If you've read this far and are wondering how to get a butternut squash from a hard squash into cubes without drawing blood, you're not alone! "I think everyone struggles with cutting up a butternut squash," Hahn says. "Almost all stores offer it pre-cut, so 90% of the time, that is what I use."

If you do opt to use a whole butternut squash, Hahn recommends washing it, piercing the squash in several places, and roasting it at 350 F for 20 minutes. After this short period of roasting, it should be easy to cut and peel.
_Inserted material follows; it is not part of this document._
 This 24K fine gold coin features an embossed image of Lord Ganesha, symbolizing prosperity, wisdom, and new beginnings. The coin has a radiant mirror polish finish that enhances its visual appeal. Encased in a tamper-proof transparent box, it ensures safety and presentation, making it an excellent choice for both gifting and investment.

Cook the pasta and finish the sauce

Cook the macaroni noodles according to the instructions on the package and drain. Reserve half a cup of pasta water.
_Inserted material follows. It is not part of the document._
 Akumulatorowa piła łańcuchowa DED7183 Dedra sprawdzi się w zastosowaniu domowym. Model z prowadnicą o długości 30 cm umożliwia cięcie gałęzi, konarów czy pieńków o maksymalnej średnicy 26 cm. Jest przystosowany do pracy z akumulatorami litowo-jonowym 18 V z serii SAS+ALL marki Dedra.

Mix the spices and nutritional yeast together in a bowl. Add the soaked cashews, onion, squash, vegetable broth, mixed spices and nutritional yeast, lemon juice, mustard, and reserved cooking water into a high-speed blender and blend until smooth. Combine the noodles and the sauce and serve, topping with cilantro or parsley if desired.

Hahn recommends serving this dish with a big green salad or with a green vegetable such as broccoli or asparagus.
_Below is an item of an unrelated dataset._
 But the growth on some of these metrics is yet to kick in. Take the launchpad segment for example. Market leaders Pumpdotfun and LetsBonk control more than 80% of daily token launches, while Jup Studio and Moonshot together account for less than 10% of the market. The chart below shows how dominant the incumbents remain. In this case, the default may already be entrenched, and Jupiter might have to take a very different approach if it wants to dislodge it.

Vegan Butternut Squash Mac And Cheese Recipe Directions
4.9 (19 ratings)
You only need a few minutes, a pot, a blender, and a handful of ingredients to make this vegan mac and cheese recipe. Let's get started!
Prep Time
10
minutes
Cook Time
10
minutes
Servings
6
servings
vegan mac and cheese
Total time: 20 minutes
Ingredients
  • ½ cup raw cashews
  • ½ yellow onion, chopped
  • 2 cups butternut squash, chopped
  • 16 ounces macaroni noodles
  • 1 ½ teaspoon salt
  • ½ teaspoon garlic granules
  • ¼ teaspoon pepper
  • ¼ teaspoon smoked paprika
  • ¼ teaspoon turmeric
  • ½ cup nutritional yeast
  • ½ cup vegetable broth
  • ½ lemon, juiced
  • 1 teaspoon Dijon mustard
  • ½ cup reserved pasta cooking water
Optional Ingredients
  • Cilantro
  • Parsley
Directions
  1. Soak the cashews in boiling water for 15 minutes, drain, and set aside.
  2. Add the onion and squash to a medium pot and cover with water. Bring the pot to a boil, and then lower the heat to medium and cook for about 10 minutes, or until the vegetables are tender. Drain and set aside.
  3. Cook the macaroni according to the instructions on the package. Reserve ½ cup cooking water. Drain and set aside.
  4. Mix the spices and nutritional yeast together in a small bowl.
  5. Add the cashews, onion, squash, broth, nutritional yeast and spice mixture, lemon juice, mustard, and reserved cooking water to a high-speed blender. Blend until smooth.
  6. Combine the pasta with the sauce. Top with optional chopped cilantro or parsley if desired. Serve and enjoy.

Nutrition

Calories per Serving 433
Total Fat 7.0 g
Saturated Fat 1.1 g
Trans Fat 0.0 g
Cholesterol 0.0 mg
Total Carbohydrates 73.8 g
Dietary Fiber 9.5 g
Total Sugars 5.6 g
Sodium 489.7 mg
Protein 23.4 g
The information shown is Edamam’s estimate based on available ingredients and preparation. It should not be considered a substitute for a professional nutritionist’s advice.